RH: Apart from taking time off with the family, was there any point in the whole process of Caspian when you thought “I wish I’d said yes to directing the next one”?
AA: Yes there is, and there still is, you know – letting go is a hard thing, and Dawn Treader was also one of my favourite stories, so there was definitely aspects of that. There was a time when I thought “Should I just jump to Dawn Treader and skip Prince Caspian? Or should I combine them? And then what” – that kind of thing. I’ve been through this a few times on films, certainly on Shrek 2 I think I went through – part of the process of trying to make it work gets you emotionally attached and you end up making something you love. So now when I went back and re-read Prince Caspian, I enjoyed it in a whole way that I didn’t use to. So it’s kind of, I’ve become much more emotionally attached to this film.

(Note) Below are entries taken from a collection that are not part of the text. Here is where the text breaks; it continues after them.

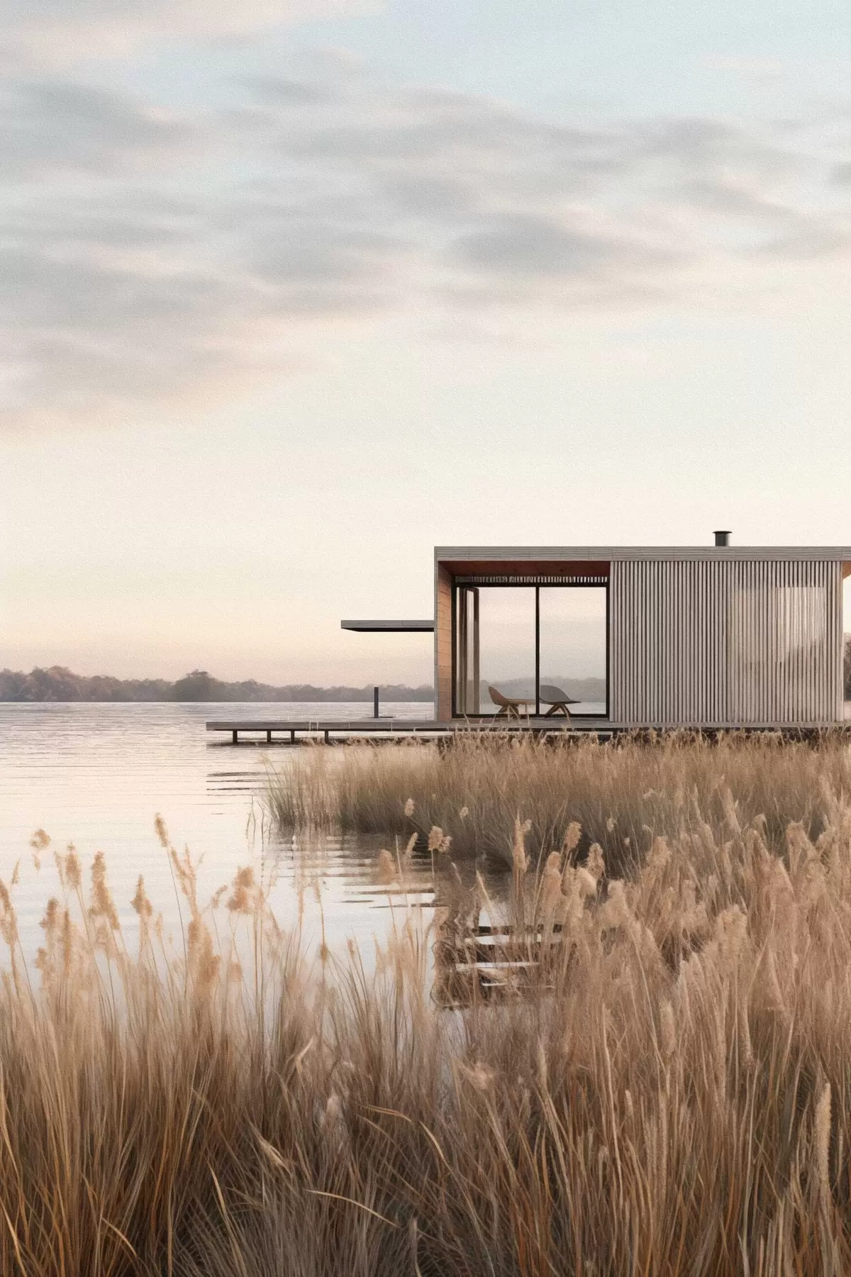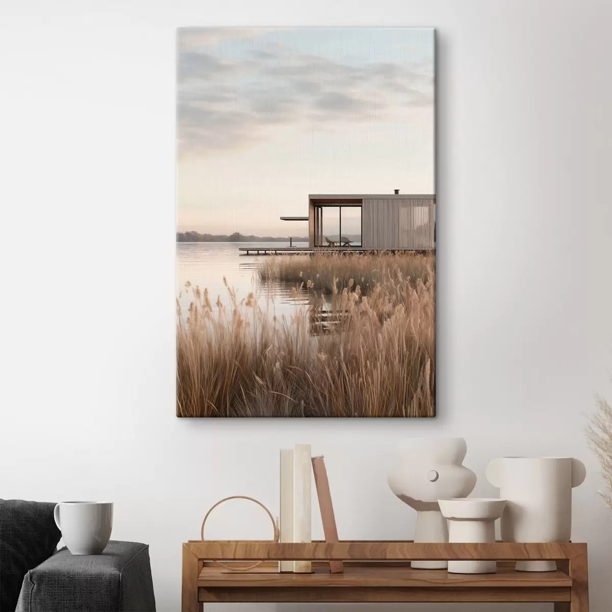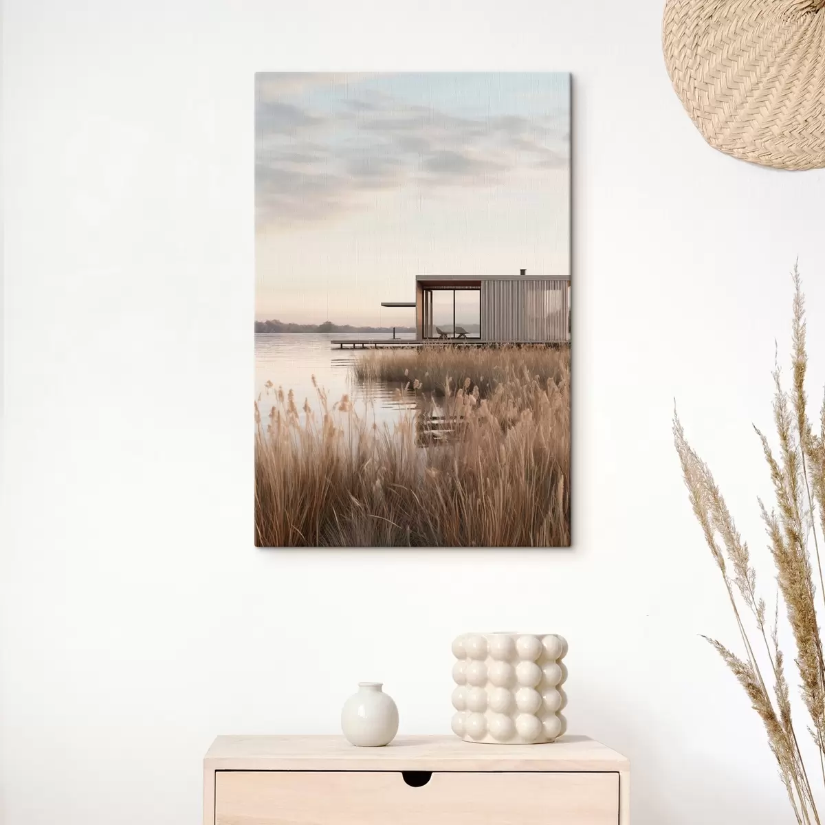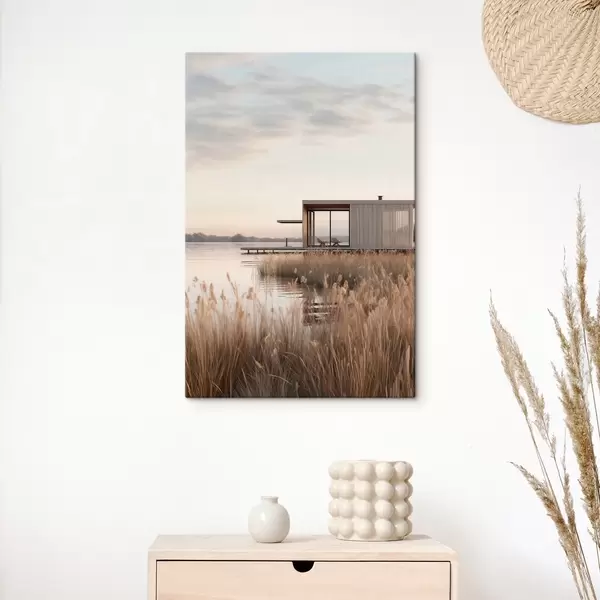 Schilderij Moderne hut aan het meer tussen het riet in de zachte schemering Art. s46513
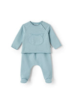 Pyjama, vaporeuse et côtelée en coton biologique, de couleur bleu papier sucre, avec encolure séraphique, manches raglan, ouverture à boutons en coton sur tout le devant et petite poche sur le côté.
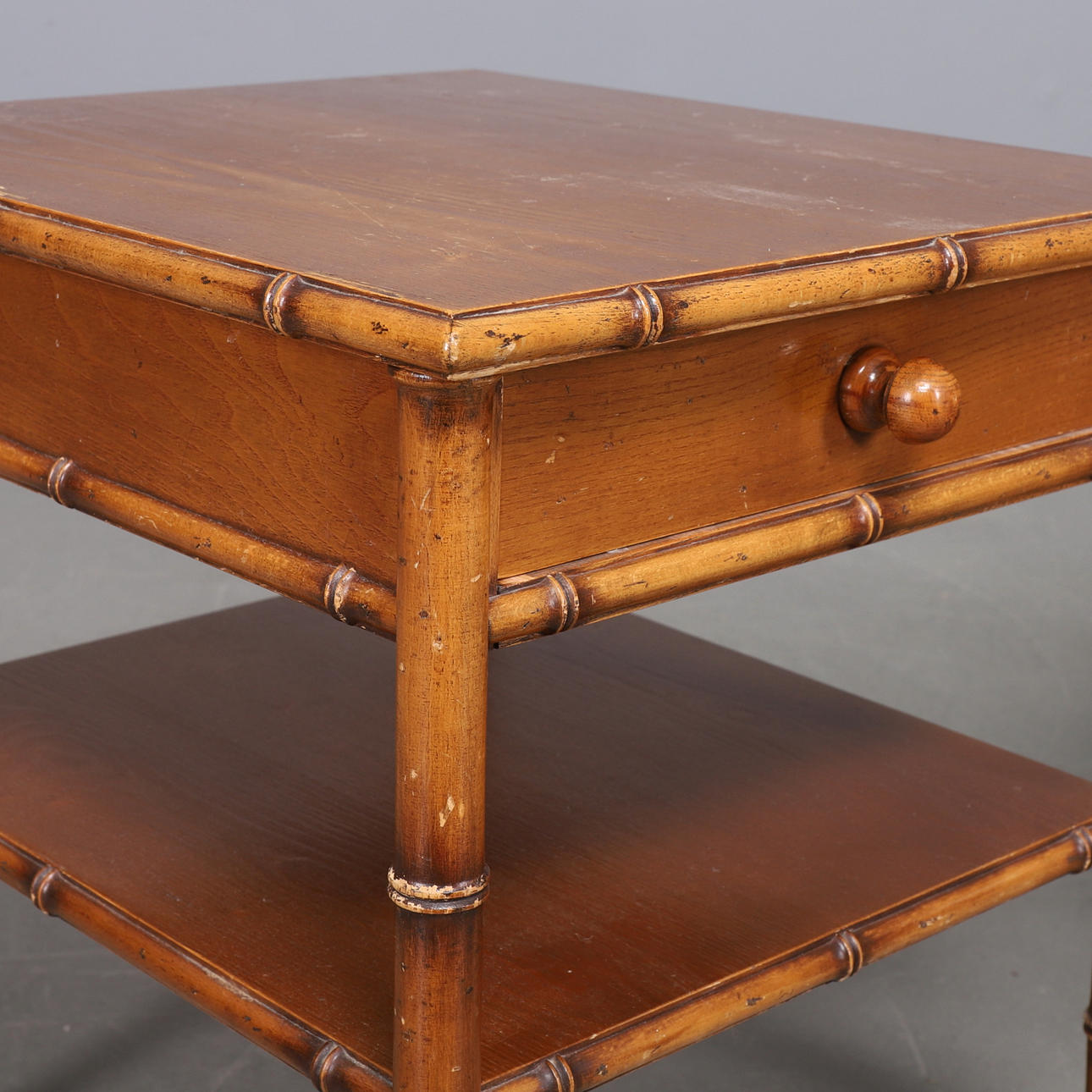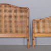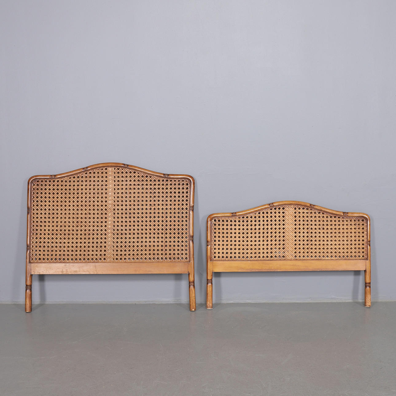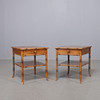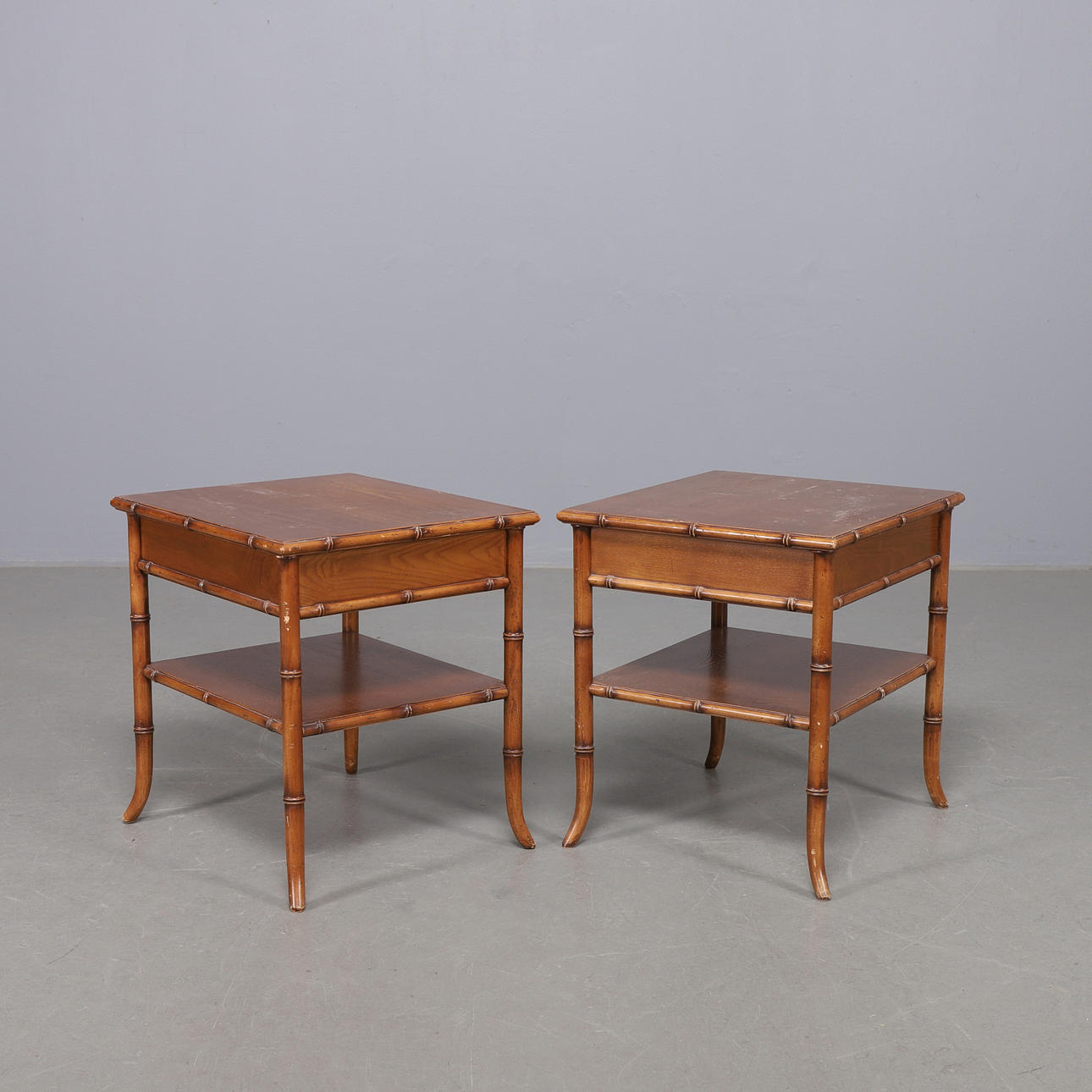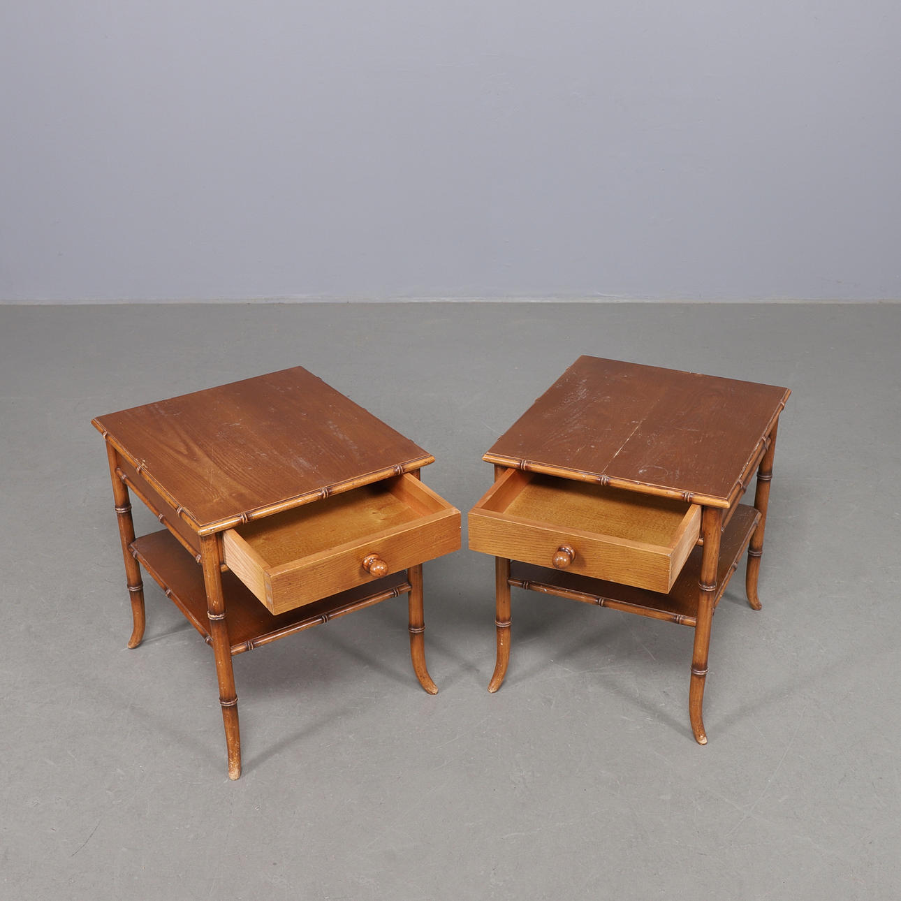 Sänggavlar för två sängar, fast montage på resårmadrass med 105 cm bredd, samt tillhörande sängbord med en utdragslåda vardera.
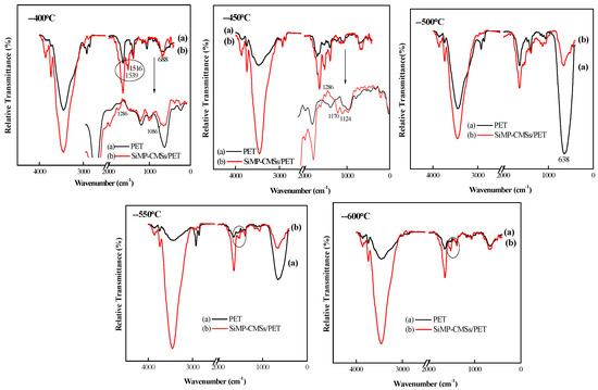 As the thermal temperature further rose to 550 °C or 600 °C, the cross-linked char structure at 1516 cm−1 remained unchanged, but the vibration intensity became higher than that of pure PET, explaining the reason for the higher thermal oxygen stability of the char layer formed by the SiMP-CMSs/PET when compared to that formed by pure PET.
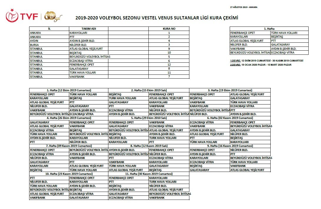 Sarı Melekler’in 2019-2020 Sezonu Fikstürü Belli Oldu.
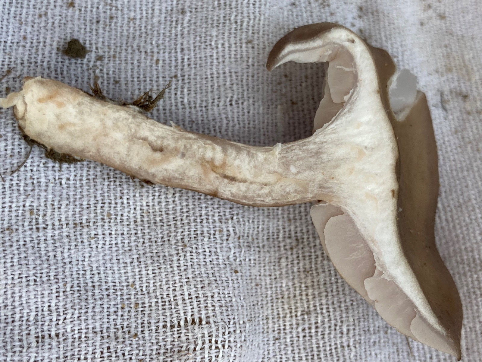 Fleisch: sehr fest, elastisch, knorpelig, weiß, im Stiel gräulich, etwas rötlich bräunend
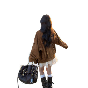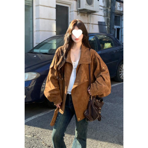 麂皮绒机车外套2025秋季复古美拉德休闲宽松慵懒翻领廓形感时尚款

RH: One of the ladies at work who saw the movie hadn’t read the books, so there was a little non-sequitur for her – she said “I had to go back and read the book to find out what parts of the movie were about”. So we’re definitely talking sequels, aren’t we, it’s not a stand-alone movie?
AA: I’ve had both, I’ve had people who’ve seen it as a stand-alone film who’d never read any of the books but who’ve had no problems, and certainly said they want to go back and see the other one, because there’s a certain mythology we tap into. And I do think of the Narnia series as a greater mythology, of which we’re telling sort of segments or stories out of that mythology, because the one character throughout them all is Aslan – he’s the only character that goes throughout them all.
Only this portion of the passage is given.